Section 11 - Ability to Amend Agreement. The Board of Directors of Baldwin & Lyons, Inc. shall have the authority and ability, in its sole discretion, to amend this Agreement at any time to comply with new regulatory guidelines, federal and state tax legislation or regulation or other circumstances which would affect the administration of this Agreement.  Notwithstanding the foregoing, the Agreement and any awarded Rights may not be amended, modified, or terminated in a manner that would cause the Participant’s Rights to be subject to inclusion in income as provided in IRC Section 409A and the corresponding Treasury Regulations prior to the actual settlement of the Rights under Section 5.4.

Section 12 - Section 409A Compliance.  It is intended that the Agreement and the awarded Rights (including all amendments thereto) comply with the provisions of IRC Section 409A and the Treasury Regulations thereto, so as to prevent the inclusion in gross income of any Right accrued hereunder in a taxable year that is prior to the taxable year in which such the Exercise Price would otherwise be actually distributed or made available to the Participant.  It is intended that the Agreement and the awarded Rights shall be administered in a manner that will, at all times, comply with Code Section 409A and the Treasury Regulations thereto.

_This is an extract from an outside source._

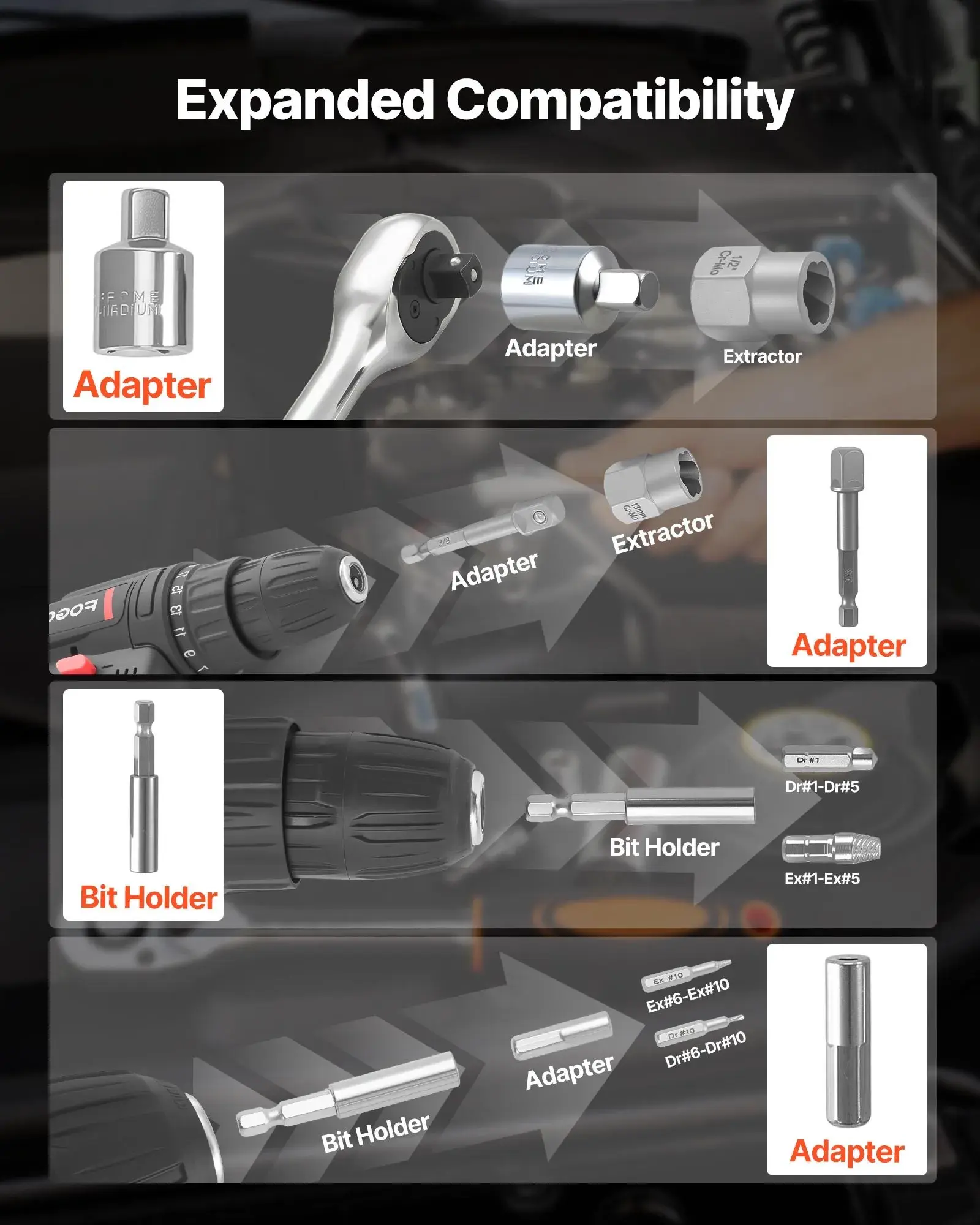·Works with Your Existing Tools: Compatible with common hand tools and power tools, our bolt extractor set allows smooth transitions between setups without changing how you normally work

All provisions of the Agreement shall be construed to satisfy IRC Section 409A and the Treasury Regulations thereto.  Any provisions of the Agreement that would otherwise cause the Agreement to fail to satisfy IRC Section 409A and the Treasury Regulations thereto shall have no force and effect unless and until amended to comply with Section 409A and the Treasury Regulations thereto (which amendment shall be retroactive to the extent permitted by Section 409A and the Treasury Regulations thereto).

 
Page 39
 
 

 
 
Section 13 - Choice of Law. This Agreement is accepted in the State of Indiana and all questions pertaining to the validity or construction of this Agreement and of the acts and transactions of the parties hereto shall be determined in accordance with the laws of the State of Indiana, except as to matters governed by federal law.

Section 14 - Baldwin & Lyons, Inc. Book Value Appreciation Rights Plan.  This Agreement is intended to comply in all respects to the provisions of the Baldwin & Lyons, Inc. 2013 Book Value Appreciation Rights Plan (the “Plan”), included, starting on page 29, of the Proxy Statement for the Annual Meeting of Shareholders for the meeting held May 7, 2013, a copy of which may be obtained on the Corporation’s website at www.baldwinandlyons.com or from the SEC’s Edgar web site (www.sec.gov/edgar).  Should any provisions in this Agreement be found to be contradictory to Articles I through X of the Plan, the provisions of the Plan shall govern.